An ordinary word in your ear

Photo: Getty Images
Photo: Getty Images
A lockdown habit I’ve kept, as I walk along the lake track each day, is to take a camera snap of the expanse of beach at the start and the turning point, and send it to extraordinary friends in exotic places - Luggate, Wellington, Melbourne, writes columnist Liz Breslin.

Liz Breslin
Liz Breslin

At the start, and/or at the end, I stand to the right of a parking bay and capture the mountains and the lake without people or trees, and at the turning point I stand by Emma’s sister’s stone bench and snap.

This week I learned a new word while walking and snapping. It came to me in a circuitous kind of way, via Oakland, Melbourne and Paris, as I listened to a podcast, as I walked, headphones in, because we’re back, now, on track, to cars louder than birds.

Sticking to the tracks is sometimes a thing. Following the orange Doc arrows can be a source of comfort, of measurement, of progress, and it’s easy to get into the same grooves on a home walk. Also, it’s boggy as muck when I try to make the lake-side way home.

It’s easy, convenient, to stay in line and tell a story. To stay on track and snap.

As I walked, headphones in, Jenny Odell described for the Melbourne Writers Festival how Georges Perec sat outside a different cafe for three days in a row in Paris’ Place Saint-Sulpice, noting the minutia of the everyday that may have been otherwise unremarkable and unremarked. It’s what he called infraordinary.

I have been dreaming since of the infraordinary pleasures of Paris as I know it. Double sugar cubes wrapped next to a tiny espresso cup. The look and the crush and the clank of feet on the holed metal steps of the Eiffel Tower. Gum marks tiny on wide avenues.

Dreaming makes me miss things, and miss things. Thinking about the infraordinary over a few days and a few walks, this happened. I started taking photos of other parts of my walk. A lawn with shadows and lake steam. A toetoe in the dusk. A black rock, a pink hill. None of them hero shots. I sent them to Luggate, Wellington, Melbourne. It’s all connected and I want to connect.

I snapped at blackbirds, gravel flashes, accidental driftwood bridges. And then I put my phone away.

This might have had something to do with something Jenny Odell said about not only noticing that it is all connected, but noticing how it’s all connected. Though I’m not sure I noticed this point properly in my ears, being distracted by a dog and their jogger and how they both ran the same.

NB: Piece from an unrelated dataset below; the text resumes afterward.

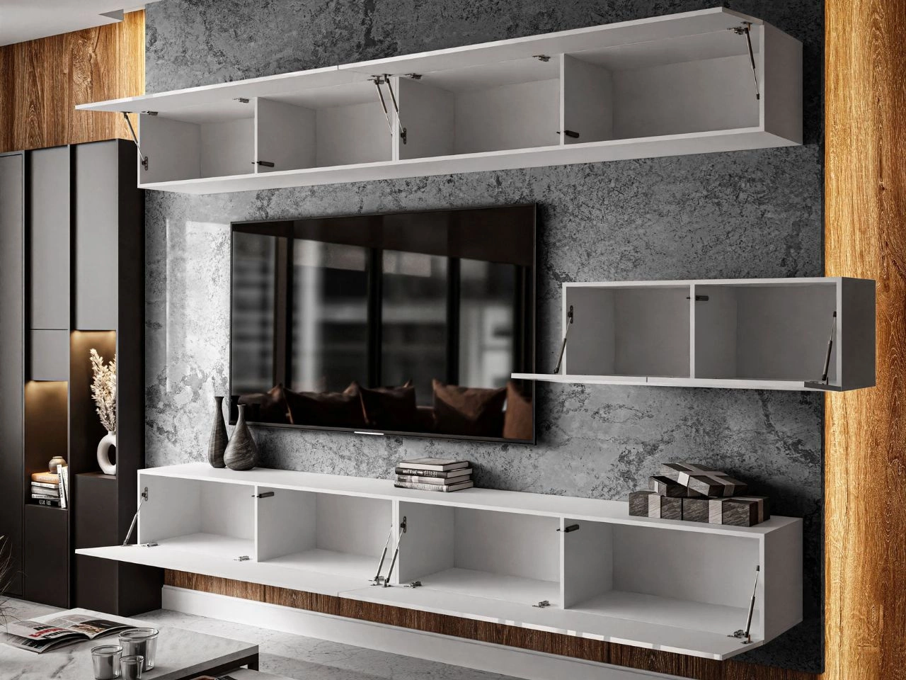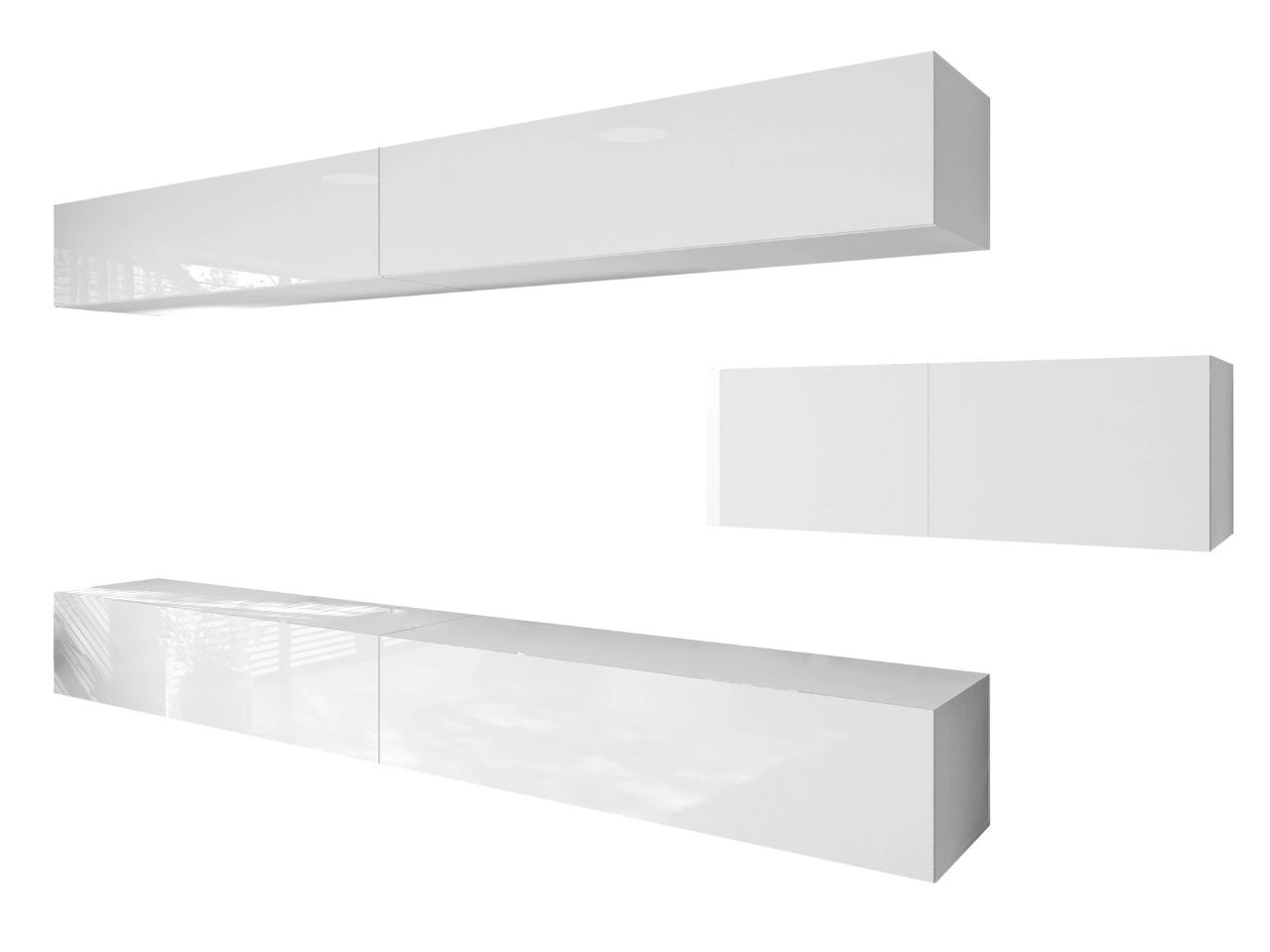 Hängende Wohnwand für das Wohnzimmer mit LED-Beleuchtung Nodoo Weiß Hochglanz

I like the way this new word, this new thing, the infraordinary, works against the exhortations of the Dead Poets and Living Wellness Societies of seizing all the days and making everything extraordinary and extraordinarily broadcasted. I like the way the word ordinary itself is connected to the double wrapped sugar by the fact that they both have French roots. The ordinary is the regulatory. The extra- is the currency of making it all count. The infra-, then, is some kind of sliding under the radar of rule, some kind of redirection of attention at the base of it all.

I have not read, yet, Jenny Odell’s book about How to Do Nothing, because I have been unbusier and unbusier doing more of nothing, but I notice, now, how something is nothing is everything as I walk. And the irony, that it takes a voice via Oakland, Paris and Melbourne, that it takes the reach of all the socials of media, to remind myself to notice the infra-ordinary, is as delicious as the laughter of ducks.